Between the
years 1968 and 1972 I very much enjoyed working at Baird’s Newsagent’s at
Morningside Drive particularly so during the school summer holidays when it
was light, warm and with no school you were in no hurry.
Most often
the paper run was done alone but sometimes in July my sister Anne would chum me. During the run I would send her up to a house to deliver a
newspaper but when she came back I'd vanished behind a tree or a wall, only to
leap out and scare her.
The 1960s
was a decade of rapid change with a greater accessibility to fun, luxury goods compared
to the austerity of the 1940s and 1950s. Allied to this was the refreshing pop
movement of the 1960s with a change in attitudes embracing a youth culture in
clothes, music and technology changing our lives for the better, even when we were on our
paper runs.
All the way from Hong Kong with the
advent of technology we could now work to music! In the late 1960s there was an explosion of cheap mini radios that came on to
the market.
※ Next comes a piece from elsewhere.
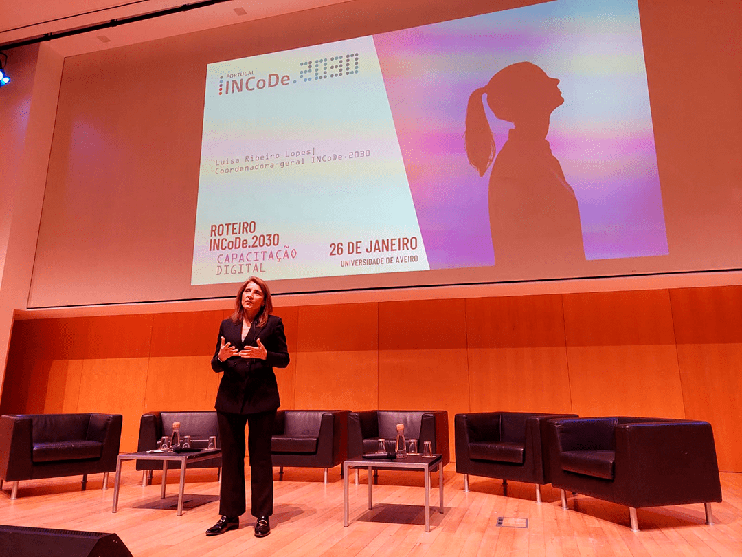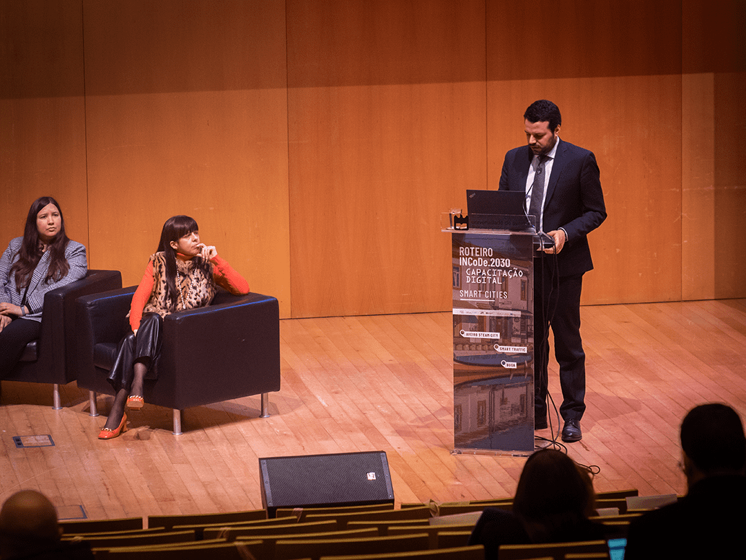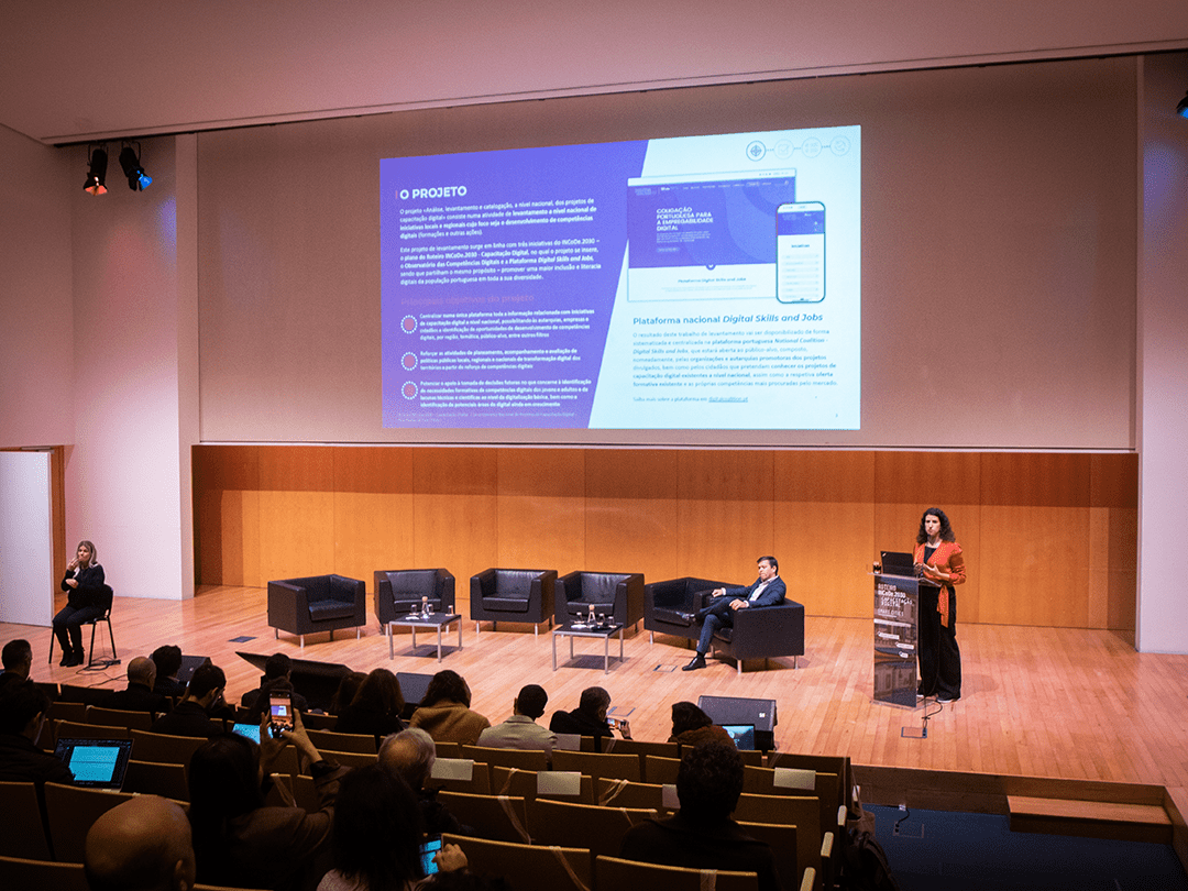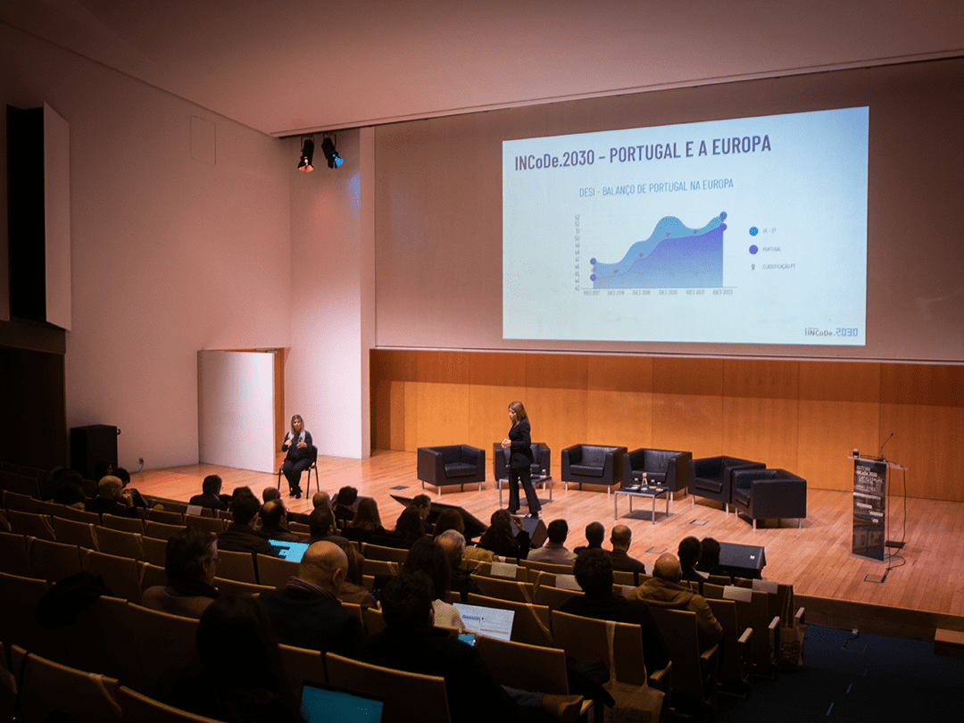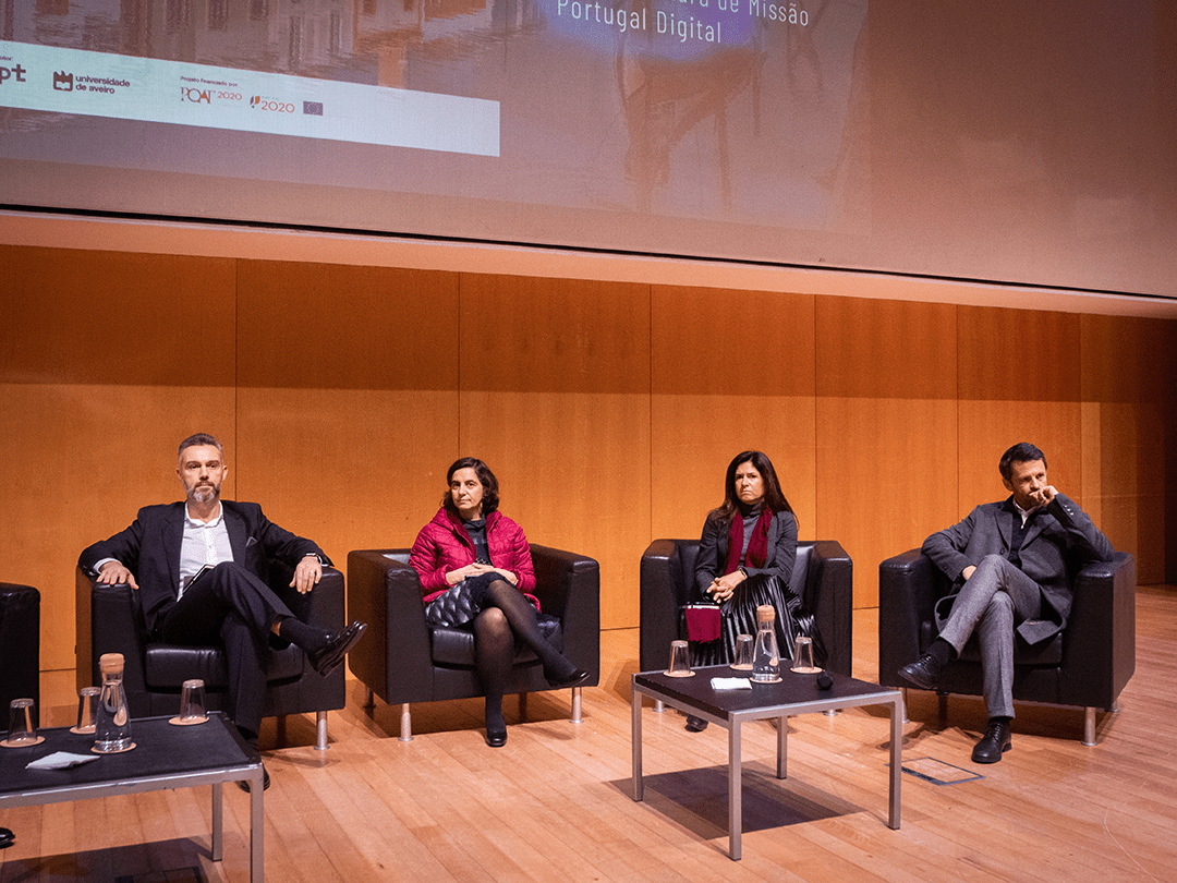 Afterwards, there was a panel that gave voice to initiatives that have the support of INCoDe.2030, and the presentation of the results of the pilot carried out in the region of Aveiro, within the scope of the National Survey of Digital Capacity Building Initiatives, carried out by INCoDe .2030 with support from Deloitte. This was followed by a panel dedicated to the theme of the event, which was moderated by Hugo Coelho from TecParques, and speakers Miguel Castro Neto from Nova IMS, Ricardo Martins from Deloitte, Susana Sargento from the University of Aveiro, Filipe Moura from Instituto Superior Técnico and Ana Marques from the Portugal Digital Mission Structure.

And for many of us of a certain age it was a must have
purchase.
So, instead of solitary contemplative walks I could now enjoy
the dubious charms of ‘Tony
Blackburn’ on the Radio
1 Breakfast Show as I traipsed up Morningside Drive
.
Lord Stott
On occasion I had to
cover for an absentee and loved delivering the judge’s (Lord Stott) ‘Scotsman
Newspaper’ to Midmar Gardens because I would nip around the garden to look at the
goldfish in his garden pond.
Photograph Graeme Paterson
The morning’s
adventure was sometimes finished off with a coconut bun from Martins the Bakers
on the corner of Morningside Drive
before sitting on the wall outside the former Bank of Scotland bus stop at
Comiston Place before taking the 16 bus back home to Oxgangs. How I enjoyed
that last stretch along Oxgangs Avenue standing on the open platform trying to look cool
by sticking my head out against the breeze.
And as I walked the 60 yards back home
to 6/2 more often than not some of the younger Blades children were already out
the front playing, the start of another summer holiday day in Oxgangs.